The abstract dicta—the vague verbal propositions on the strength of which the possibility of this repetition has been denied, are splendid specimens of those cobwebs of the brain which used to entangle thought in the meshes of the scholastic philosophy. The " law of parsimony " is the ambitious phrase under which theorists have hid the stupid notion that what Nature does once she never repeats again, or that results which she has obtained by one method at some one time must never be compassed by the same method again. Hear how magniloquently the great agnostic professor sets forth this marvelous dogma: " If all living beings have been evolved from pre-existing forms of life, it is enough that a single particle of living protoplasm should have once appeared upon the globe as the result of no matter what agency.
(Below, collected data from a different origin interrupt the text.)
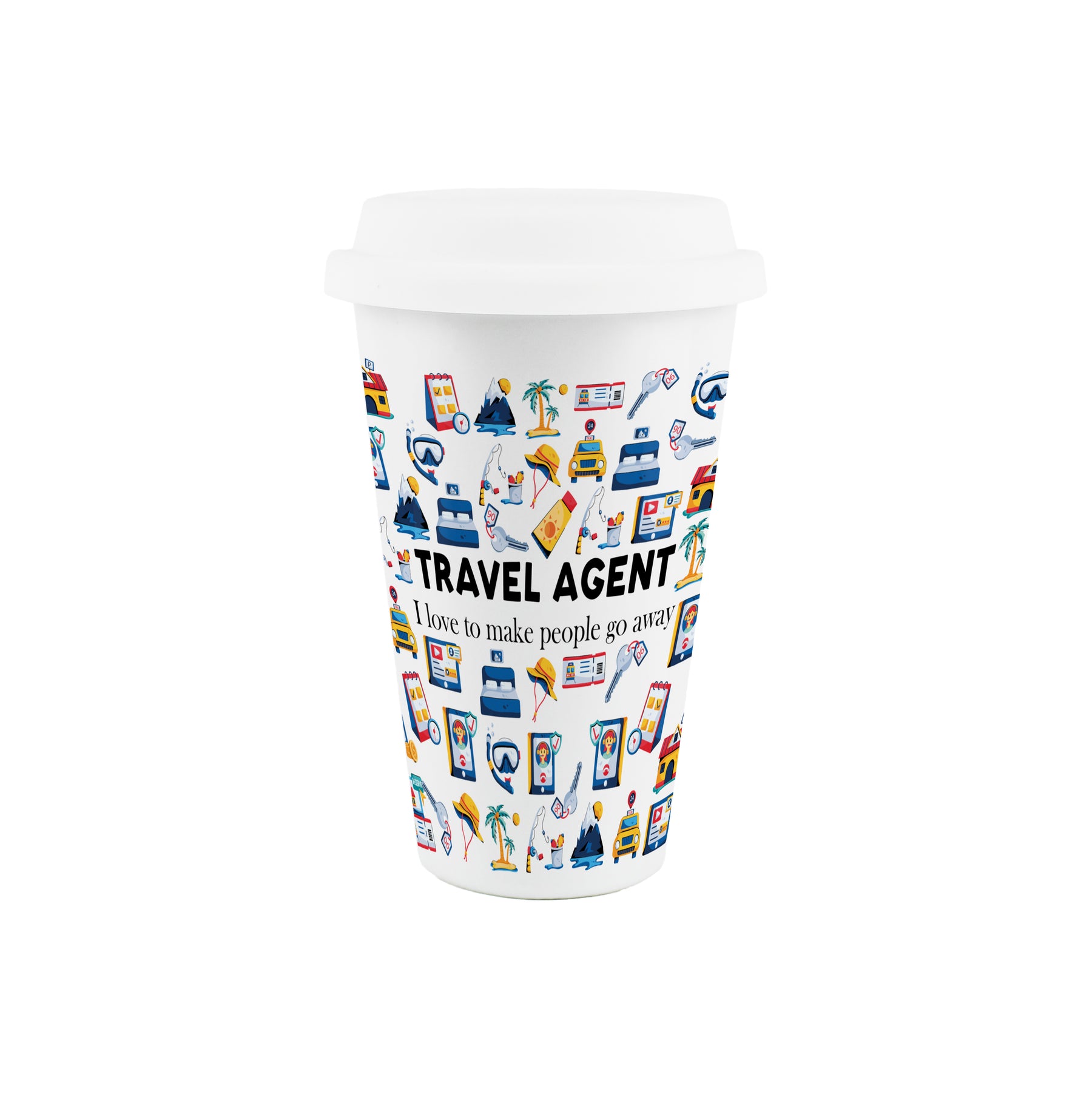 This holiday-themed ceramic travel mug is a perfect gift for any travel agent in your life. Featuring illustrations which will all have you tempted to book a holiday of your own, partnered with text quoting "Travel Agent - I love to make people go away" on the front, this tumbler is ideal for enjoying a coffee between promoting trips to the sun!
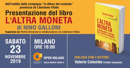 Sabato 23 novembre 2019 alle 16 Open Milano, viale Monte Nero 6, Milano Organizzato da Partito Umanista di Milano, Partito Umanista Italia, Open Milano, Liberiamo l’Italia Presentazione del libro “L’ALTRA MONETA” di Antonino Galloni Womanesimo e Natura ( dall’avere all’essere)…
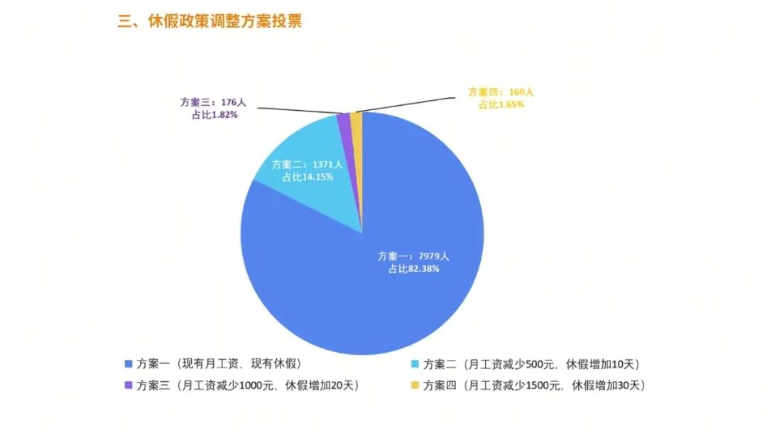 面对四个不同梯度的“降薪增假”方案,高达82.38%的员工投票选择了“方案一”,即维持现有的工资与休假制度不变。
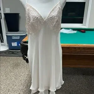This elegant cream slip dress features delicate lace detailing, perfect for a sophisticated and comfortable look. Ideal for intimate wear or sleepwear, this piece combines style and comfort effortlessly.
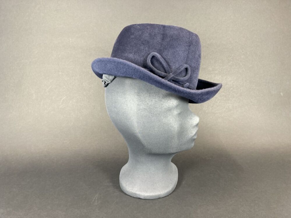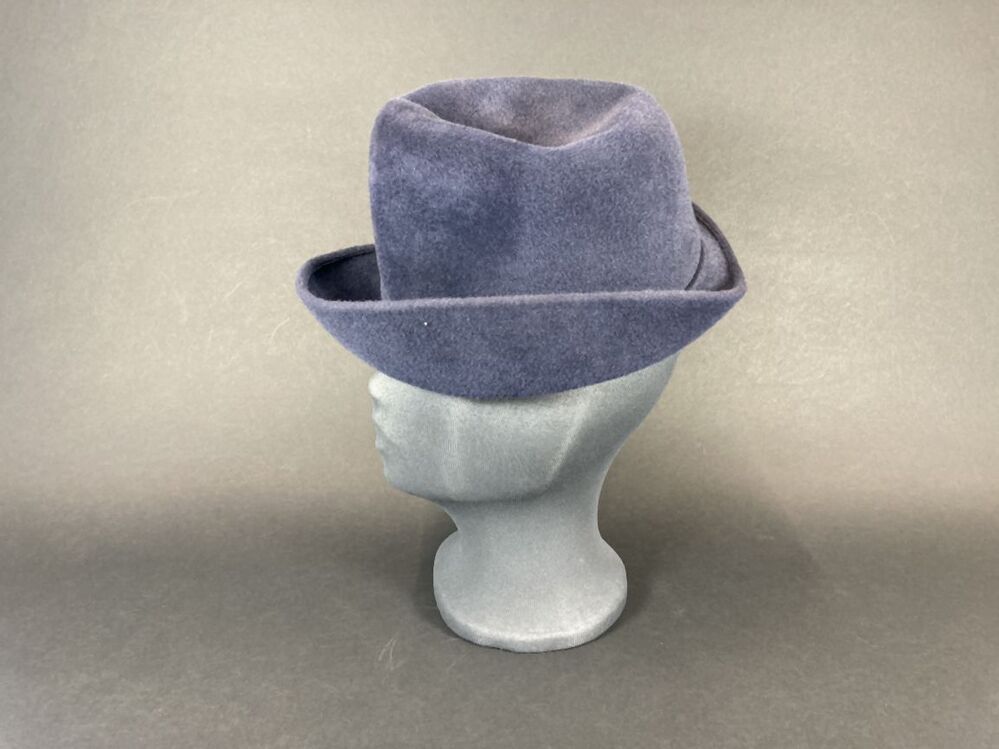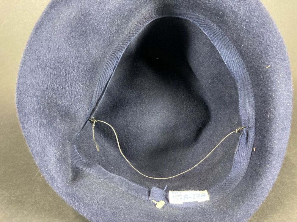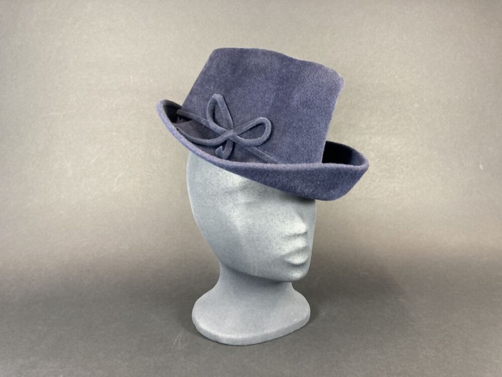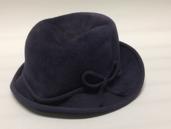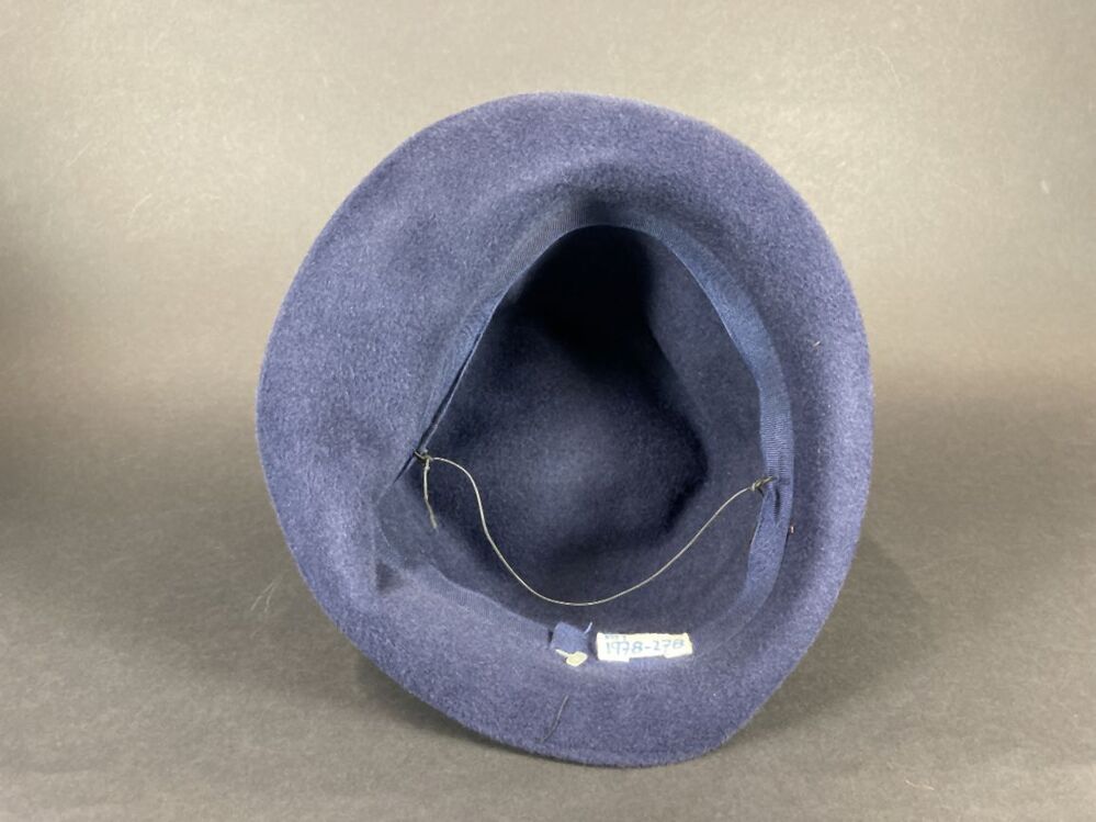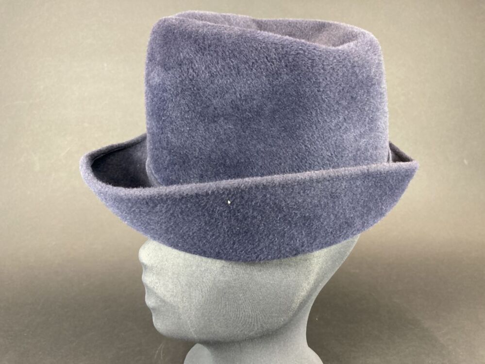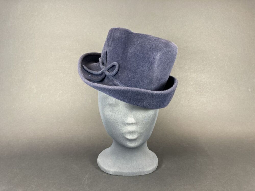 Donkerblauwe vilten hoed, hoge bol met asymmetrisch opstaande rand

In the eyes of a consistent evolutionist any further independent formation of protoplasm would be sheer waste." This is very grand. The limitation of the possibilities of creation by the vision of a " consistent evolutionist " is delicious. It reminds one of the American joke that the planets revolve round the sun, " always subject to the Constitootion of the United States." But, unfortunately for the dogma, it renounces the testimony of facts, while sounder reasonings upon them are dead against it. Nature is economical, but she is not miserly. The prodigality of Nature is more conspicuous than her parsimony. The habitual expenditure and repetition of all her processes is at least more clear to us than her refusals to repeat them. Her fondness for identity of principle in all her various operations is more pervading than her casting aside of any method merely because it has been used already. That bits of living protoplasm, with inconceivably complex potentialities within them, should have been called into being once, and that nothing similar should ever have been done again, may possibly be true; but it is not according to analogy and we can not accept it on the authority of Prof. Huxley. Still less can so weighty a conclusion be hung securely on a gossamer structure of abstract and empty words.—Nineteenth Century.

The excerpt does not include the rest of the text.